With the proposed establishment of UT&T what message are we telegraphing to our Caricom partners? Why not expand facilities at St.Augustine to cater for the specific S&T needs of T&T by way of an Institute of Science and Technology? Are we signaling that of two most successful institutions of regional integration, namely, the West Indies Cricket Team and UWI, we are bent on presiding over the collapse of the latter? This proposal is an avoidable, expensive and unnecessary duplication that is going to suffer from diseconomies of scale.

What restrictions are there at UWI currently that militate against according priority to Science and Technology? Does this have something to do with the fact that:

The traditional African male students at UWI are no longer the dominant group?

The Principal is an Indo- UNC appointee?

The Government proposes to use UT&T for political ends and to use political criteria to determine entry?

Is this a part of the Iceberg Budget where there are more than meets the eye?

This University is a bolt from the blue proposed without the necessary consultations.

CULTURE

National Academy for the Performing Arts

This proposed facility was earmarked for construction as a module of the proposed Waterfront ACS Conference Facility by the UNC in the previous Budget. This Government now proposes to establish an Academy for The Performing Arts on the former Princes Building Grounds. While this location is superior to that of the POS Waterfront I do not believe that POS should continue to hold the monopoly for the arts.

POS is benefiting from the expensive refit of Queen’s Hall. There is the Arena Theatre of the Queen’s Park Savannah, the Jean Pierre Complex for cultural shows, The Little Carib Theatre and The Central Bank Auditorium, the National Stadium, the Library Complex etc.

Government is on record of being committed to eliminating pockets of inequities and geographic marginalisation. We the representatives of the people must take steps to unravel the urban-rural dichotomy by according due recognition to the rights of rural folks to development and justice and facilities.

Why must we deprive the artistes/patrons of Central and East Trinidad from equality of performing facilities? It would now appear that the Proposed Millenium Arts Centre to be located on the Old Caroni Racing Site is to be abandoned. This facility must be located either in Chaguanas or in Trincity, Orange Grove. Rural-based artistes do not have a decent performing facility to encourage the flowering of the Indian arts. North of the Divali Nagar site has ample space for this facility.

In fact if this were to be located in Orange Grove it would serve as development pole and with the proposed Marriot Hotel can cater to the needs of the Airport. The addition of the ACS Conference/ Secretariat Facility to this project in Trincity can complement the proposed University town of St.Augustine and circumvent the escalating traffic problem along the East-West Corridor.

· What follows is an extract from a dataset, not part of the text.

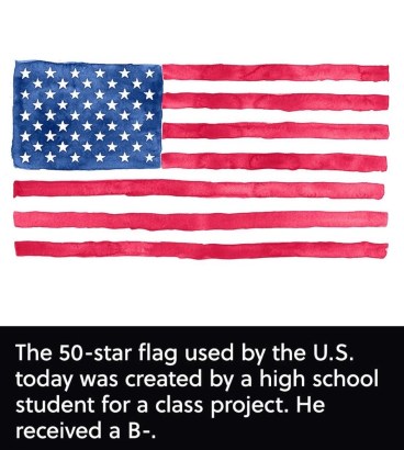 The designer of our current 50-star flag was Robert Heft. It was 1958 and there was some talk that Alaska and Hawaii were going to officially become states 49 and 50. One of his high school teachers capitalized on the current events of the day and had his students design a new flag incorporating the two new states. Inspired by Betsy Ross, (and cutting up his parents’ flag), Heft did just that, arranging the stars so it wasn’t very evident that he had added any. His teacher gave him a B-, saying that the design was unoriginal. When Heft balked at the grade, his teacher told him that if he could get the flag adopted by Congress, he would bump the grade up to an A. Heft jumped at the opportunity, sent the flag to his congressman, and after a long campaign and a refusal to give up, he ended up getting the flag approved. Heft got his ‘A’ as promised. Since then, Heft’s original homemade flag has flown over every single state capitol building, over 88 U.S. embassies, and over the White House for five administrations. He is now deceased, but has left behind a design with 51 stars ready to go if the need arises.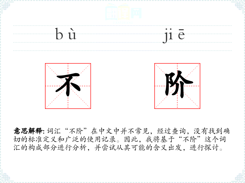 由于“不阶”不是一个常用词汇,它在不同语言或文化中的对应词汇及其使用情况不详。

National Strategic Plan For Culture

The development of a National Strategic Plan for Culture is an important manifesto for driving the full flowering of our cosmopolitanism. This blueprint must faithfully reflect our multiculturalism and be the product of the most widespread consultations among all the stakeholders. Mother T&T cannot and should discriminate among its children and marginalise and suffocate important strands/manifestations of our cultural mosaic.

The Community Concerts Programme

The Community Concerts cannot continue to pander to the cultural palates of the dominant urban-sub-urban enclaves. The cultural offerings of the rural heartlands must be showcased and given adequate patronage and exposure. This Concerts Programme cannot continue to be the sole preserve of soca and steel band and be a duplication of the annual Carnival exposition. This is 21st Century T&T and the proposed format of these Concerts must meaningfully and not cosmetically reflect our cultural diversity.

The Case for bringing the National Cultural Council out of mothball is clearly established. This Council must have its own Secretariat and must formulate policies, programmes and priorities for the balanced growth of our cosmopolitan cultural legacy and not pander to and legitimise any sectoral interest to the diminution of others.